La historia sitúa hacia los años cincuenta del siglo XX los primeros antecedentes de Internet y en el año 1989 el surgimiento de la web con el protocolo HTTP y el hipertexto HTML. Desde sus inicios, Internet se convirtió, contra todo pronóstico, en un espacio de libertad, regido por las lógicas de lo horizontal, lo distribuido, lo abierto, lo colaborativo y lo participativo. Reglas y protocolos que fueron posibles gracias, por un lado, al modo en que nació, como una red neutral para la transmisión de datos; y, por otro, al proceso de innovación legal que se inició en el contexto del software libre con la Licencia Pública General (GPL) y que ha continuado con el desarrollo de una gran variedad de licencias que responden a la complejidad del contexto digital. La combinación de protocolos abiertos y licencias libres permitió aprovechar todo el potencial generativo de la Red, al favorecer la conexión entre personas y la circulación de la información y el conocimiento y al incentivar su reutilización, remezcla y mejora.

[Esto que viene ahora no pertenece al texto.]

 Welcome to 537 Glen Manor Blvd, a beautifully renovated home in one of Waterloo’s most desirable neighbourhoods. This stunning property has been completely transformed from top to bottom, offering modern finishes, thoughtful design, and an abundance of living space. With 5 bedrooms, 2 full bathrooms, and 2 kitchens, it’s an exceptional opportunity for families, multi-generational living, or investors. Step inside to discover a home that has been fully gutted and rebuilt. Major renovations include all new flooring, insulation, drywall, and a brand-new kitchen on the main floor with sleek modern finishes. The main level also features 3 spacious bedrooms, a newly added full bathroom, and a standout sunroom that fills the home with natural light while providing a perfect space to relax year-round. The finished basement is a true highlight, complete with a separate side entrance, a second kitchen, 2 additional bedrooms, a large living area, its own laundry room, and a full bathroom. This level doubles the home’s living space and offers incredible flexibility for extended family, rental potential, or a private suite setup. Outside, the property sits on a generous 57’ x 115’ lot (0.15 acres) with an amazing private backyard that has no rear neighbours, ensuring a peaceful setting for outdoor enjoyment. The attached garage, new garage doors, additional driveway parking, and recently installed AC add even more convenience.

Su carácter abierto y distribuido ha permitido el desarrollo de grandes proyectos y ha configurado una cultura digital (no la única, ni la hegemónica) caracterizada por el hackeo constante y la remezcla. Una cultura que crea valor desde la riqueza y la multiplicidad que surgen del aprovechamiento de la inteligencia colectiva. Alrededor de la Red se ha desarrollado un ecosistema sostenido de innovación sobre el mantra de lo abierto, las comunidades de interés, la accesibilidad a los datos, la comunicación constante, el poder de las redes y la exactitud que proporciona la transparencia. Una red en constante cambio gracias a la innovación que sucede por el ensamblaje y por la mezcla. Una red convertida en una piel digital (Freire 2007) que se renueva constantemente y que se superpone a nuestra realidad corpórea afectando a todas las actividades de nuestra vida sean estas económicas, culturales, sociales, ciudadanas, profesionales, personales, privadas o públicas.

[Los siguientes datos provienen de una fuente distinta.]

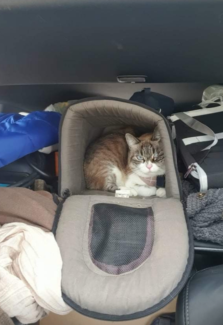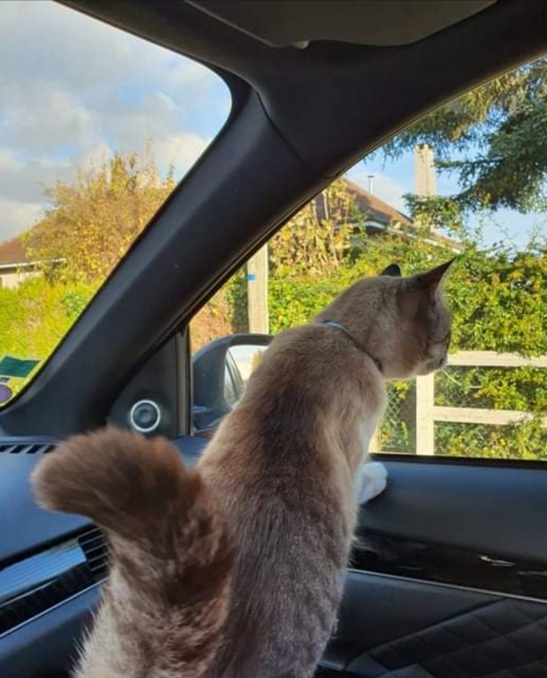 la pauvre, elle n'a vraiment pas l'air contente. Est-ce l'absence de Bouchon qui la rend triste, ou bien être coincée dans la voiture à avaler des km et ne pas pouvoir gambader à son aise ? |

La Red es también un gran archivo de información, un gigantesco commonplace book mantenido y enriquecido por todos. Un lugar donde los llamados trail blazers (Bush 1945) bucean en los vastos océanos de información, enhebrando un documento con otro, dejando una estela de significado entre las olas de ruido, contradicción y redundancia. Un lugar común y compartido, un laboratorio de producción colectiva en el que tenemos la posibilidad de acceder, reordenar, modificar y reelaborar constantemente la información y el conocimiento. Un lugar, también, donde las instituciones que tradicionalmente tenían la exclusividad para producir y difundir conocimiento (el laboratorio, la universidad, la academia, el museo, la empresa o la escuela) se han visto obligadas a tener en cuenta y a incorporar procesos de trabajo y de gestión colaborativos y permeables a la participación. Surgiendo así constantemente nuevo conocimiento producto de la mezcla, lo inesperado, lo imprevisible y lo diferente.

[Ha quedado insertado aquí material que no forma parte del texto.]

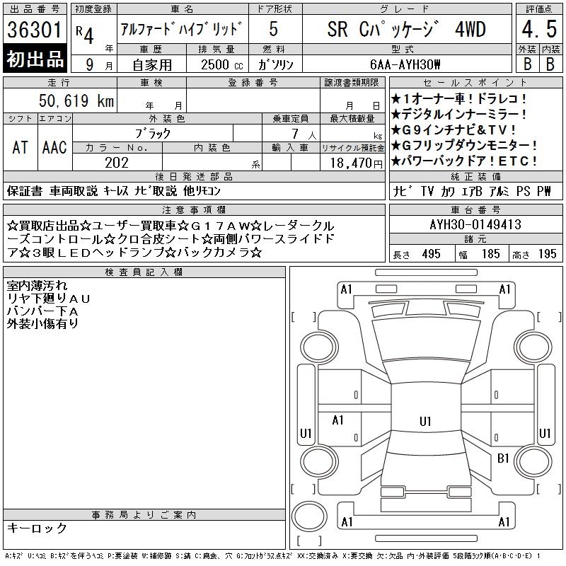 TOYOTA ALPHARD HYBRID SR C PACKAGE 4WD - лот 36301

Los híbridos del conocimiento han desbordado las paredes de las aulas, los laboratorios, las empresas y las academias. Su proliferación ha invadido las rígidas estructuras de los departamentos, los equipos y las disciplinas. Muchos han salido a la calle, otros saltan de una disciplina a otra con la facilidad y la espontaneidad de lo joven y lo natural. La gran revolución que estamos viviendo está directamente vinculada a la producción y a la distribución de conocimiento, pero también a la transformación de las prácticas, los procesos y las formas de crearlo y, por tanto, a los lugares y los espacios donde se produce. El trabajo hace tiempo que dejó de ser un lugar a donde ir, el aula se ha expandido y la innovación hace tiempo que salió de los departamentos de I+D+i. En el nuevo milenio que avanzaba Calvino, el conocimiento circula por la Red sin peso, sin ataduras físicas, traspasa muros y se intercambia.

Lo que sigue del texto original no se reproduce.